▸ Exercise requirements
Give a verbatim copy of the data, leaving the pictures out.
===== Data excerpt =====
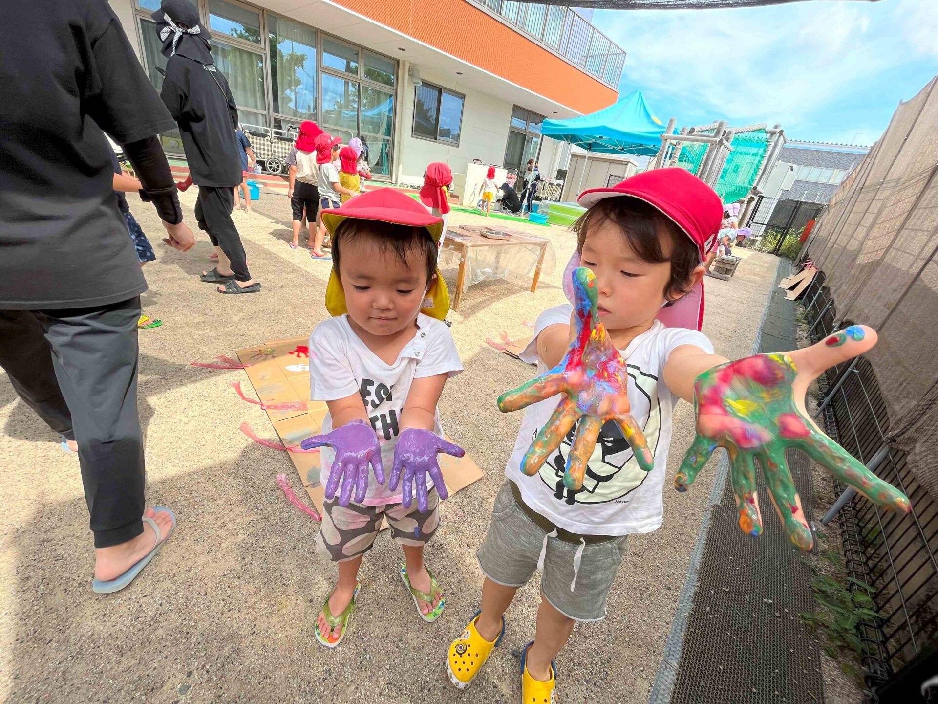 絵の具を手足、腕、顔、服にもつけて、友だちと見せ合いっこして、楽しそうに笑う姿がたくさんみられました😊
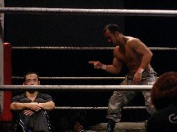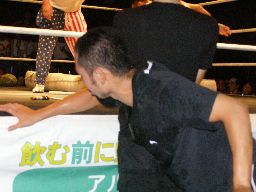 酔わされてリングサイドを徘徊する人間凶器(右写真)。
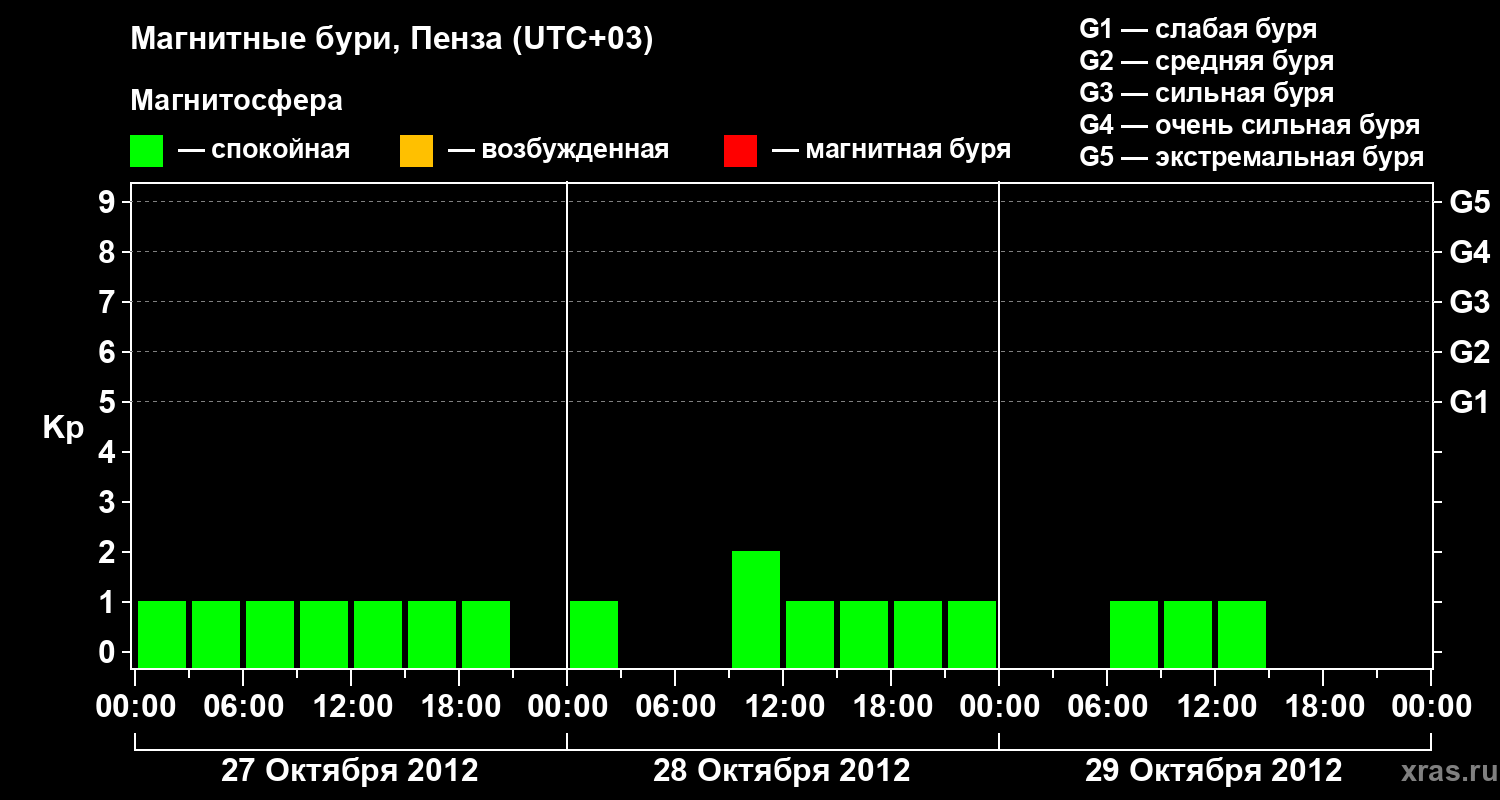 Изменения геомагнитного индекса Kp с 27 по 29 октября 2012 года для средних широт
=====
▸ Response
 絵の具を手足、腕、顔、服にもつけて、友だちと見せ合いっこして、楽しそうに笑う姿がたくさんみられました😊
 酔わされてリングサイドを徘徊する人間凶器(右写真)。
 Изменения геомагнитного индекса Kp с 27 по 29 октября 2012 года для средних широт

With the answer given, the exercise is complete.